Перед тем, как вступить в переговоры с американцами, начальник гарнизона собрал военный совет. По общему мнению, положение было тяжелым. Из 11500 человек, составлявших гарнизон, позиции на окраинах Сантьяго, с его 14 километровым обводом, занимало только 8000. Остальные находились на береговых батареях и в окопах у Агуадорес. Госпиталь переполняли 1700 больных и раненых. Запасов продовольствия оставалось на 10 дней, патронов — 1 миллион. Силы противника оценивались в 40000 человек при 60 орудиях, то есть были завышены соответственно, более чем в два и в четыре раза. Военный совет решил спустить флаг. Испанское правительство не возражало, и переговоры начались.
В 11 часов утра 15 июля между Сан Хуаном и Каносой, под «деревом мира» Тораль встретился с Шафтером. После того, как командующие достигли согласия по принципиальным вопросам, за дело принялась двусторонняя комиссия, уточнявшая детали. Со стороны испанцев в ее состав, вошли: английский консул Роберт Мэсон, в качестве переводчика, начальник штаба гарнизона, полковник Фонтэйн и генерал Эскарио, а со стороны американцев: генералы Лоутон, Уиллер и капитан Майли. Они-то и составили договор о капитуляции, тут же подписанный. Вопреки испанским законам, разрешавшим старшему начальнику сдаваться только с теми войсками, которые находятся под его непосредственным командованием, капитуляцию распространили и на некоторые другие части корпуса Линареса. Их командиры заявили было протест, но правительство согласилось на поставленные американцами условия.
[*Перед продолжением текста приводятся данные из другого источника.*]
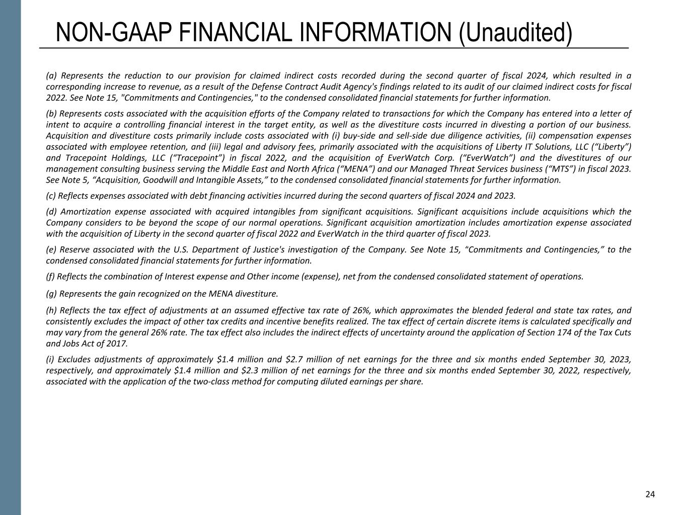 24 NON-GAAP FINANCIAL INFORMATION (Unaudited) (a) Represents the reduction to our provision for claimed indirect costs recorded during the second quarter of fiscal 2024, which resulted in a corresponding increase to revenue, as a result of the Defense Contract Audit Agency's findings related to its audit of our claimed indirect costs for fiscal 2022. See Note 15, "Commitments and Contingencies," to the condensed consolidated financial statements for further information. (b) Represents costs associated with the acquisition efforts of the Company related to transactions for which the Company has entered into a letter of intent to acquire a controlling financial interest in the target entity, as well as the divestiture costs incurred in divesting a portion of our business. Acquisition and divestiture costs primarily include costs associated with (i) buy-side and sell-side due diligence activities, (ii) compensation expenses associated with employee retention, and (iii) legal and advisory fees, primarily associated with the acquisitions of Liberty IT Solutions, LLC (“Liberty”) and Tracepoint Holdings, LLC (“Tracepoint”) in fiscal 2022, and the acquisition of EverWatch Corp. (“EverWatch”) and the divestitures of our management consulting business serving the Middle East and North Africa (“MENA”) and our Managed Threat Services business (“MTS”) in fiscal 2023. See Note 5, “Acquisition, Goodwill and Intangible Assets,” to the condensed consolidated financial statements for further information. (c) Reflects expenses associated with debt financing activities incurred during the second quarters of fiscal 2024 and 2023. (d) Amortization expense associated with acquired intangibles from significant acquisitions. Significant acquisitions include acquisitions which the Company considers to be beyond the scope of our normal operations. Significant acquisition amortization includes amortization expense associated with the acquisition of Liberty in the second quarter of fiscal 2022 and EverWatch in the third quarter of fiscal 2023. (e) Reserve associated with the U.S. Department of Justice's investigation of the Company. See Note 15, “Commitments and Contingencies,” to the condensed consolidated financial statements for further information. (f) Reflects the combination of Interest expense and Other income (expense), net from the condensed consolidated statement of operations. (g) Represents the gain recognized on the MENA divestiture. (h) Reflects the tax effect of adjustments at an assumed effective tax rate of 26%, which approximates the blended federal and state tax rates, and consistently excludes the impact of other tax credits and incentive benefits realized. The tax effect of certain discrete items is calculated specifically and may vary from the general 26% rate. The tax effect also includes the indirect effects of uncertainty around the application of Section 174 of the Tax Cuts and Jobs Act of 2017. (i) Excludes adjustments of approximately $1.4 million and $2.7 million of net earnings for the three and six months ended September 30, 2023, respectively, and approximately $1.4 million and $2.3 million of net earnings for the three and six months ended September 30, 2022, respectively, associated with the application of the two-class method for computing diluted earnings per share. 24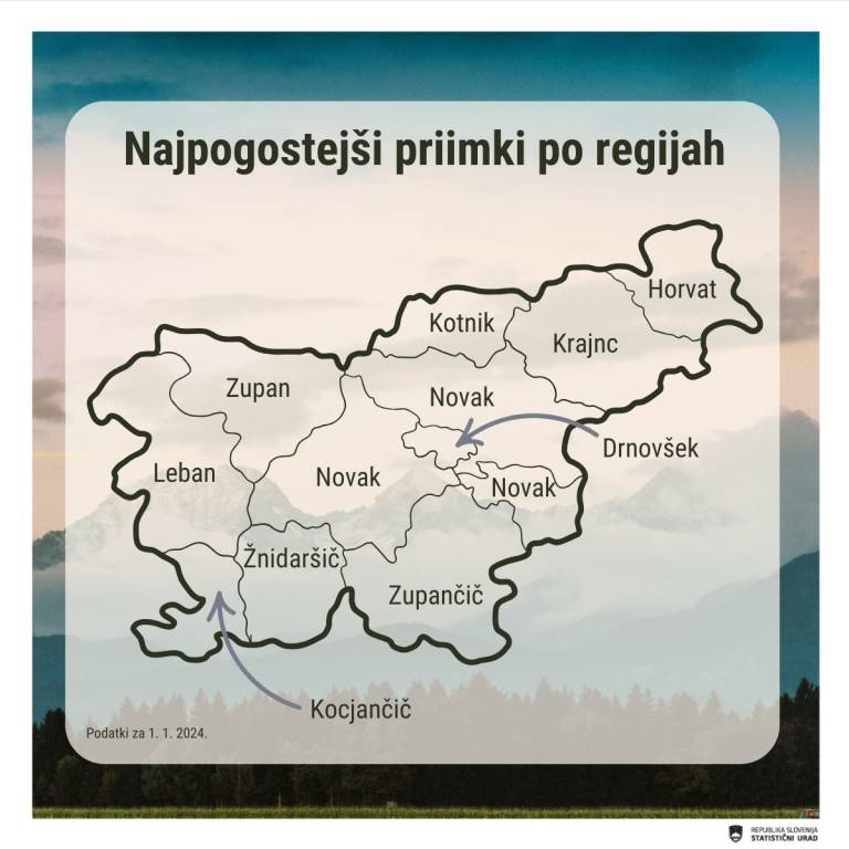 Med njimi so še vedno najbolj pogosti Novak, Horvat in Kovačič, vendar pa se zanimive razlike skrivajo na regionalni ravni.

Вечером 16 июля войска противоборствующих сторон покинули свои позиции. Испанцы вернулись в Сантьяго, а американцы в свой лагерь. Опасаясь беспорядков со стороны кубинцев, Шафтер запретил им пересекать линию испанских траншей, а также препятствовать возвращению горожан в свои дома, что вызвало бурное негодование Гарсии. На следующий день испанцы покинули город и расположились в его окрестностях, ожидая отправки на родину. В Сантьяго вошли американские солдаты, отметившие это событие пьянством и дебошами. Дисциплина, и без того не слишком строгая у американцев, упала, что немедленно сказалось и на заболеваемости. Корпус быстро терял остатки боеспособности. Однако в Вашингтоне об этом не догадывались, так как Шафтер хранил молчание.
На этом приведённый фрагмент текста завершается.